FIG. 5 is a diagram showing a relationship between a wire tension-breaking load ratio and a TTV value indicating wafer warpage.

[Explanation of symbols]

 DESCRIPTION OF SYMBOLS 10 ... Wire saw 14 ... Wire 18 ... Groove roller 20 ... Wire row 27A, 27B ... Weight 32 ... Ingot 36 ... Control device

 ──────────────────────────────────────────────────続 き Continuing on the front page (72) Inventor Kazuhiro Tago 9-7-1 Shimorenjaku, Mitaka-shi, Tokyo Tokyo Seimitsu Co., Ltd. (72) Inventor Shuichi Tsukada 9-7-1 Shimorenjaku, Mitaka-shi, Tokyo Co., Ltd.
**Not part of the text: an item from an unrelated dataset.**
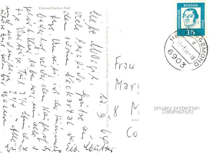 73804438 alte Postkarte Neckargemuend Kuemmelbacher Hof postalisch gelaufen Erhaltung siehe scans [WerneD78] KatCode: 11110008226056

Tokyo Seimitsu F-term (reference) 3C058 AA05 AA12 AA14 AA18 AB08 BA06 CB01 CB10 DA03 3C069 AA01 BA06 BB03 BB04 CA04 EA02

Claims (2)

[Claims] 1. A running wire is wound around a groove roller having a plurality of grooves to form a wire row, and an ingot as a workpiece is pressed against the wire row, so that a large number of thin wafers are formed. In a wire saw to be cut, the tension of the wire wound around the groove roller and contributing to the cutting is set to 40 (N) or more, or 180 to the stress.
A method for cutting a wire saw, wherein the cutting is performed at a setting of 0 (N / mm ² ) or more. 2. A running wire is wound around a groove roller having a plurality of grooves to form a row of wires, and an ingot as a workpiece is pressed against the row of wires, so that a large number of thin wafers are formed. A wire saw to be cut, wherein the tension of the wire at a portion contributing to the cutting wound around the groove roller is set at 50% or more of the breaking load of the wire, and the wire saw is cut. Method.